Wednesday, September 01, 2010

Gillard likely to cop expansive Green agenda

Julia Gillard says that neither party has convinced Australia that it alone has won the right to govern and that ''our political processes must change''.  The Greens have expressed a wish to see the House of Representatives and the Senate working together with the government on an ambitious legislative agenda.

Under a Gillard government, the hung federal Parliament potentially means a vast expansion of government regulation, while an Abbott government would be focused on spending cuts, with little call for new legislation.

With the Coalition in power, an opposition ALP-Greens alliance in the Senate would agitate for more taxes, increased spending and more regulation in areas where these two political parties share common goals.

However, a House of Representatives under a Coalition government's control would place severe limits on an activist Senate's ability to promote new spending and regulations.

This is because important matters for change that involve legislation must first be passed by the House of Representatives.

And the Coalition, having fought an election opposing Labor's wasted expenditure and new taxes, has a relatively modest legislative program, largely concerning procedures to combat illegal immigration and the requirement of major firms to provide paid parental leave.

The Greens may support the opportunity provided by the paid parental leave proposal to impose costs on business.  But, by and large, when the ALP-Green majority is seated in the post-July 2011 Senate ''house of review'' under an Abbott government it would be reviewing proposals rather than legislation.

An ALP government would require the support of the Greens as well as at least two of the rural-based independents.  Legislative agendas where the ALP and Greens have reconcilable positions include:  some form of new mining tax;  many carbon-related measures, including a carbon tax;  emission reduction obligations on power stations;  cash for clunkers;  emission requirements on new buildings and tax breaks for green buildings.

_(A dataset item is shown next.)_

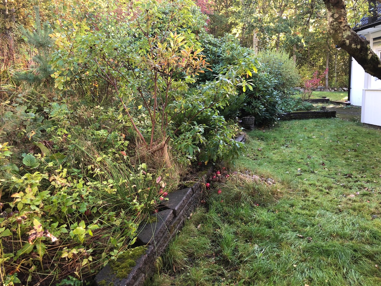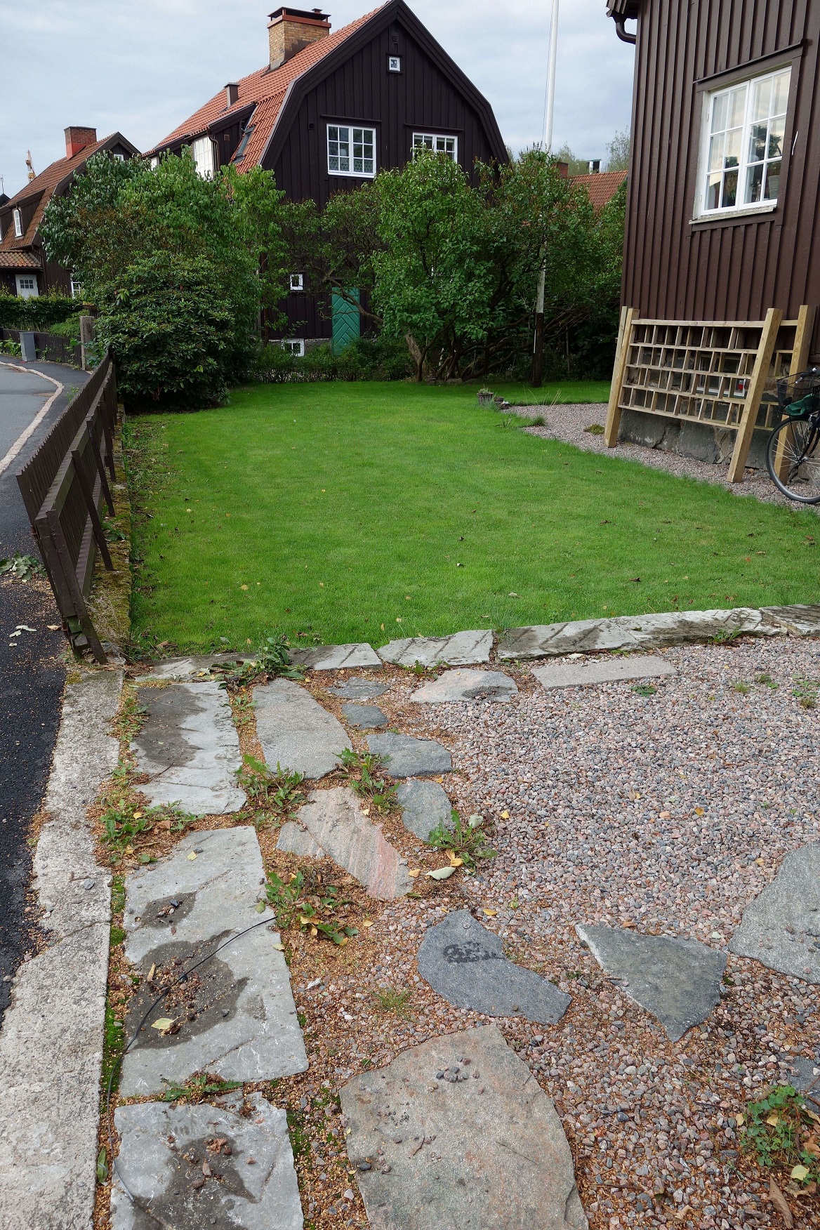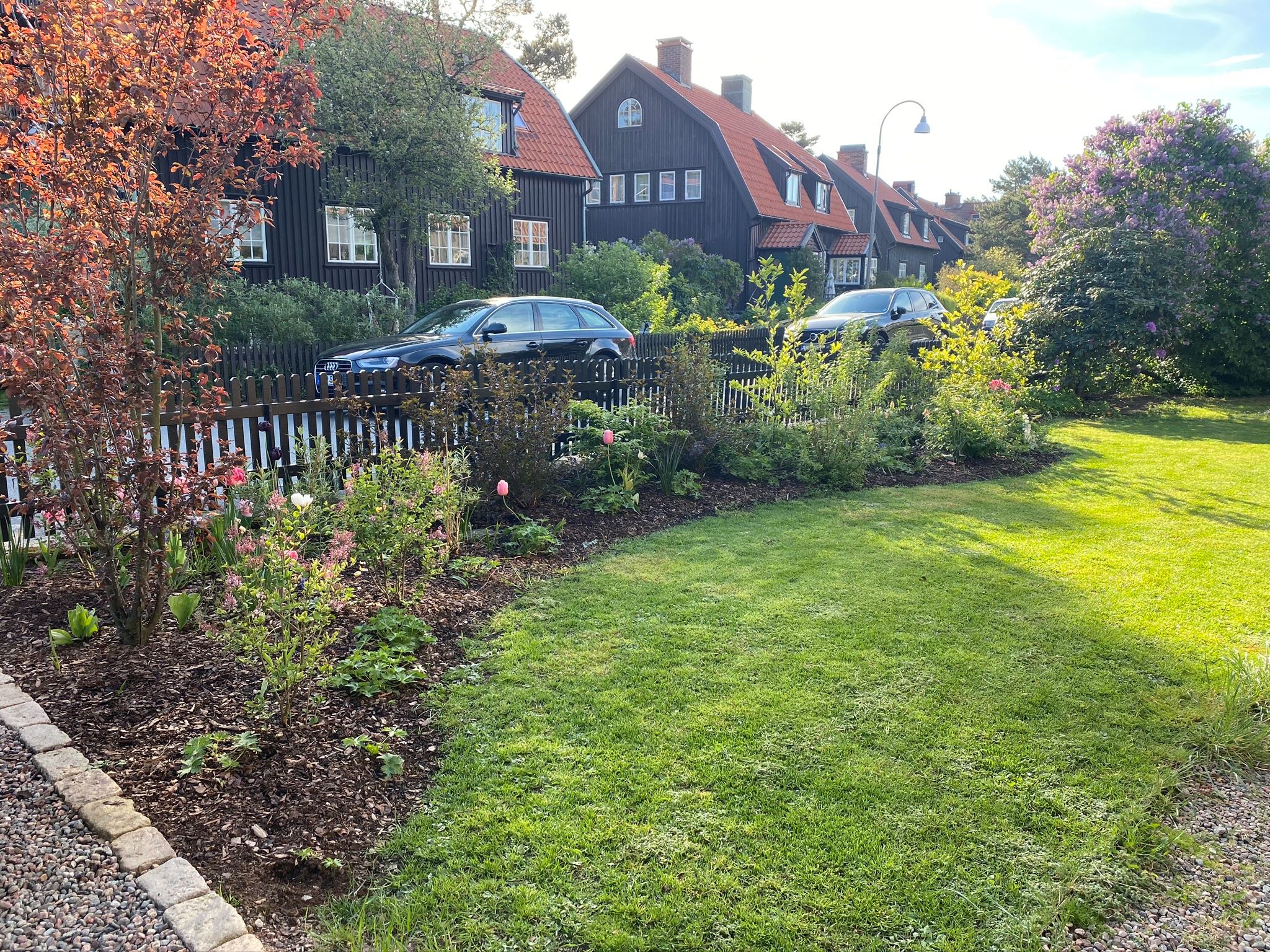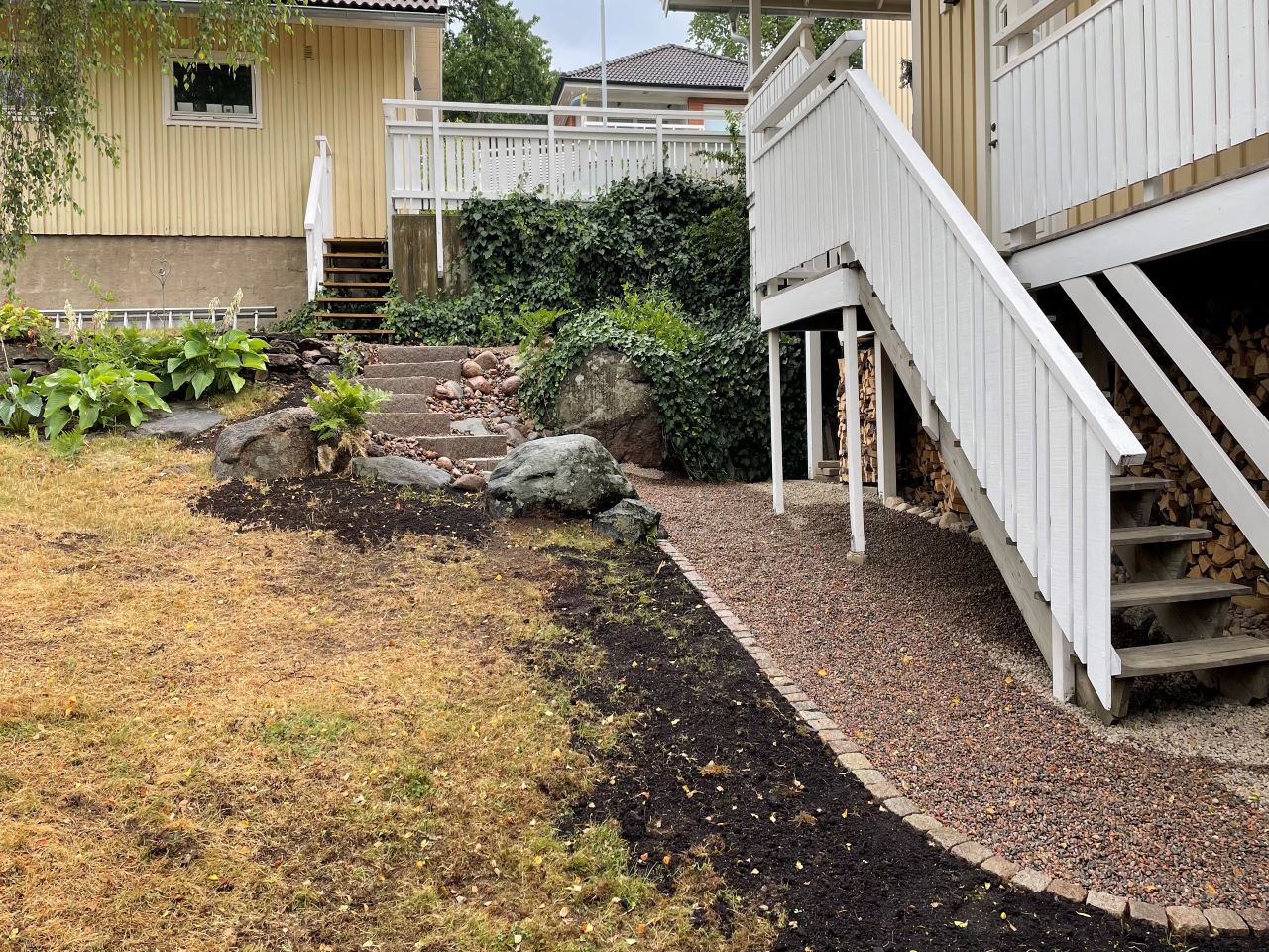 Här har vi gjort om stora delar av trädgården. På framsidan har vi bl.a. bytt trappa, till en i svensk bohusgranit, vi har lagt om Fjäråsgnejsen i två nivåer på framsidan där vi också gjorde rabatter som följde markstensläggningen. Längs gaveln har vi anlagt en rabatt längs staketet för skapa rumslighet och avskildhet i trädgårdens bortre del.

They also share common ground on increased superannuation guarantees and workforce entitlement guarantees, as well as banning uranium mining in national parks, a vast expansion of marine parks where fishing would be prohibited, preventing the importation of illegally felled timber, and increased regulation of industrial and agricultural chemicals.

This common ground opens major new avenues for additional regulations, taxes and spending.  But few, if any, of the more important features of such an ALP-Green legislative program could pass the current Senate and an action program would have to wait until July next year.

Even after that, the conservative independents would veto many aspects of it.  Thus, they would be likely to oppose any increased regulation of pesticides, a major expansion of workplace entitlements and an extension of marine national parks.  They may also oppose the mining tax and an early introduction of a carbon tax, two policies the ALP might be looking for an excuse to jettison or defer.

The Greens, in alliance with the ALP, might also want to see some of their own agenda addressed Scrutiny of the Greens' policies reveals just how prosperity-sapping and radical the party is.

The smorgasbord they would present to their alliance partners might include:  corralling modern agriculture with measures such as bans on GM food;  no new coalmines;  bans on woodchip exports;  prevention of deep-sea bottom trawling;  reduced fishing generally;  and bans on all factory ship-based fishing in Australian pelagic fisheries.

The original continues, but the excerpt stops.